Blanchland Abbey Church
Blanchland Abbey Church

The remote Northumbrian village of Blanchland stands on the northern bank of the River Derwent, the county boundary between Northumberland and County Durham. The village grew up around a 12th century Premonstratensian abbey. Though the abbey is long gone, a victim of Henry VIII's Dissolution of the Monasteries, part of the abbey church lives on as the parish church of Blanchland.


Blanchland Abbey was founded in 1165 by Walter de Bolbec, with a dozen canons under an abbot. It is possible that Bolbec merely re-founded an existing monastery, as there is a Romanesque capital in the garden of the neighbouring Lord Crewe Arms that appears to be older than the official foundation date for the abbey.

The abbey suffered from Scottish raids in the early 14th century. On one occasion Edward I spent the night at Blanchland Abbey as he prepared to do battle with the Scots but he was unable to cross the River Wear due to flooding. A few decades later the Black Death wreaked havoc on Blanchland and left the Abbey impoverished, a state from which it never recovered.

By the early 16th century, there were only eight canons, and half of them lived outside the Abbey so they could serve as vicars to local churches. The abbey was finally suppressed in 1539. The abbey church was far too large for the inhabitants so a small chapel was built onto the tower to serve worshippers and the remainder of the church was simply left to decay.

Medieval stained glass of an abbot praying
Medieval stained glass of an abbot praying

The Abbey estates passed into private hands and by the late 16th century they were owned by the Forster family of Bamburgh.

When the last Forster died without an heir in 1704 the estate was purchased by Nathaniel Lord Crew, Bishop of Durham. On his death, the estate was left to the Crewe Trustees who still administer the estate, including the village and church, to this day.
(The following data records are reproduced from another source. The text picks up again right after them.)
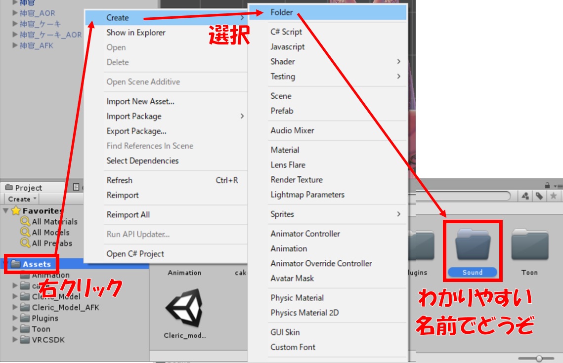 まずは、Unity側で音源ファイルを入れるフォルダを作っておきましょう(わかりやすくするため)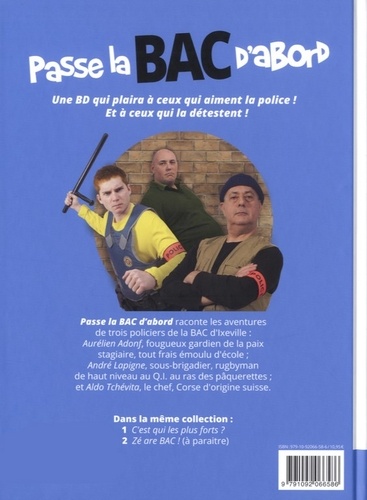 Une BD qui plaira à ceux qui aiment la police ! Et à ceux qui la détestent ! Passe la BAC d'abord raconte les aventures de trois policiers de la BAC d'Ixeville : Aurélien Adonf, fougueux gardien de la paix stagiaire, tout frais émoulu d'école ; André Lapigne, sous-brigadier, rugbyman de haut niveau au Q.I. au ras des pâquerettes ; et Aldo Tchévita, le chef, Corse d'origine suisse.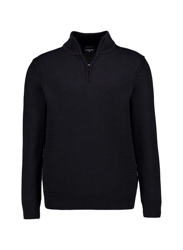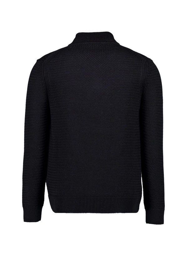 Die markante Strickstruktur verleiht diesem schwarzen Troyer eine besondere Tiefenwirkung und hebt ihn von glatten Basics ab. Die Bio-Baumwolle fühlt sich natürlich weich an und reguliert das Körperklima zuverlässig – ideal für lange Tage zwischen Büro und Freizeit. Der hochschließende Stehkragen mit kurzem Reißverschluss wirkt sportlich-elegant und passt perfekt zum urbanen Business-Casual-Look. Rippenstrickbündchen an Ärmeln und Saum sorgen für eine saubere Silhouette und optimalen Sitz.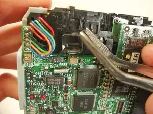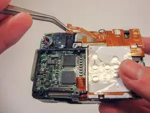 Держа камеру уверенно, аккуратно потяните конец электрической плёнки с задней части камеры пинцетом.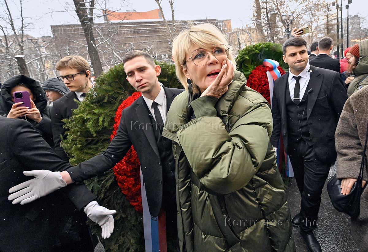 Церемония прощания с народной артисткой России Верой Алентовой в Театре имени А.С.Пушкина. Дочь…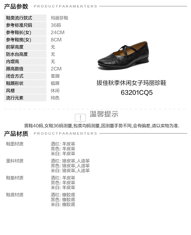 | 皮质特征:软面皮 | 前掌高度:无 | 防水台高度:无 | 鞋类流行款式:玛丽珍鞋 |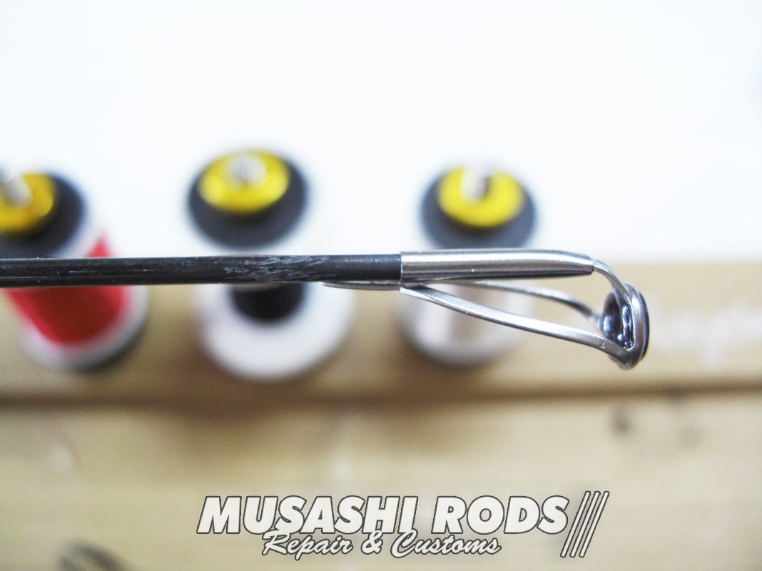 今回は デプス サイドワインダー ボアコンストリクター HGC-77XS (4544565173091) のトップガイドを修理します。ガイドは使い手が知らないうちに 曲がったり割れたりしてしまいます。ムサシロッド リペア&カスタムズ では あなたのロッドを希望通りに カスタム 致します。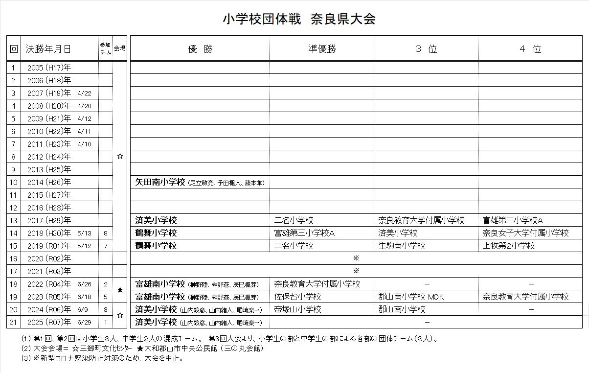 - 小学校団体戦 奈良県大会優勝校

John Wesley, the founder of Methodism, preached in Blanchland churchyard in 1747 and noted in his diary that 'There seems to have been a large cathedral church by the vast walls which still remain'.

It was not until 5 years after Wesley's visit that Blanchland became a parish in its own right. In 1752 the Crewe Trustees transformed the decaying ruins of the abbey church into the present parish church and built a vicarage. Around 1815 the Trustees established a village school on the upper floor of the north transept, though this was removed in 1854.
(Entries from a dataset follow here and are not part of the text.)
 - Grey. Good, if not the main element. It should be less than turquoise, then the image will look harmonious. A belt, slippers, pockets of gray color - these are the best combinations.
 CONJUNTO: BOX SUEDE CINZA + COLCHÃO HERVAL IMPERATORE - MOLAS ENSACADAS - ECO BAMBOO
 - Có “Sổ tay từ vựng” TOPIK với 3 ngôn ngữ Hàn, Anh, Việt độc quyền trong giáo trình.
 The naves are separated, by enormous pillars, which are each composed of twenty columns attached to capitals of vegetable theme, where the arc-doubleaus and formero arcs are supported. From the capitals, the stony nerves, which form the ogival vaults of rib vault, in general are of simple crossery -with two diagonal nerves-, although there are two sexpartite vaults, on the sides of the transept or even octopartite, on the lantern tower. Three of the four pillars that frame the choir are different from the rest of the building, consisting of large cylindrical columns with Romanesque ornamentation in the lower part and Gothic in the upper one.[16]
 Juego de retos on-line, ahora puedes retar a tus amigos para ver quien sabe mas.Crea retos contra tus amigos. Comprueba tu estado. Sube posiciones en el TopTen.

During church restoration in 1881, a 'marvellous system of drains devised by the monks' was discovered under the chancel. At least that is what the architect thought. It is much more likely that the 'drains' were, in fact, acoustic pits beneath the choir stalls, meant to amplify the voices of monks singing.

Grave slab of an abbey forester
Grave slab of an abbey forester


Blanchland Abbey church is built on an unusual L-plan, formed from the eastern end of the medieval abbey church linked to the north transept, with a tower at the northern end of the former transept. There was originally a chapel attached to the east wall of the tower but this has now been pulled down. The church is a fascinating mix of medieval and Georgian features, combined with a Victorian restoration.

From the tower entrance, you step down into the church interior. To the right is the former north transept and directly ahead is the aisle, rebuilt in 1854. From the transept, you pass into the 1752 choir, which now forms the main body of the church. As you pass down what is now essentially the nave you come into the oldest part of the church. The walls here are 13th-century work, with a beautifully restored medieval sedilia on the right.

It can be hard to separate the Victorian restoration from the Georgian workmanship and the much earlier medieval masonry.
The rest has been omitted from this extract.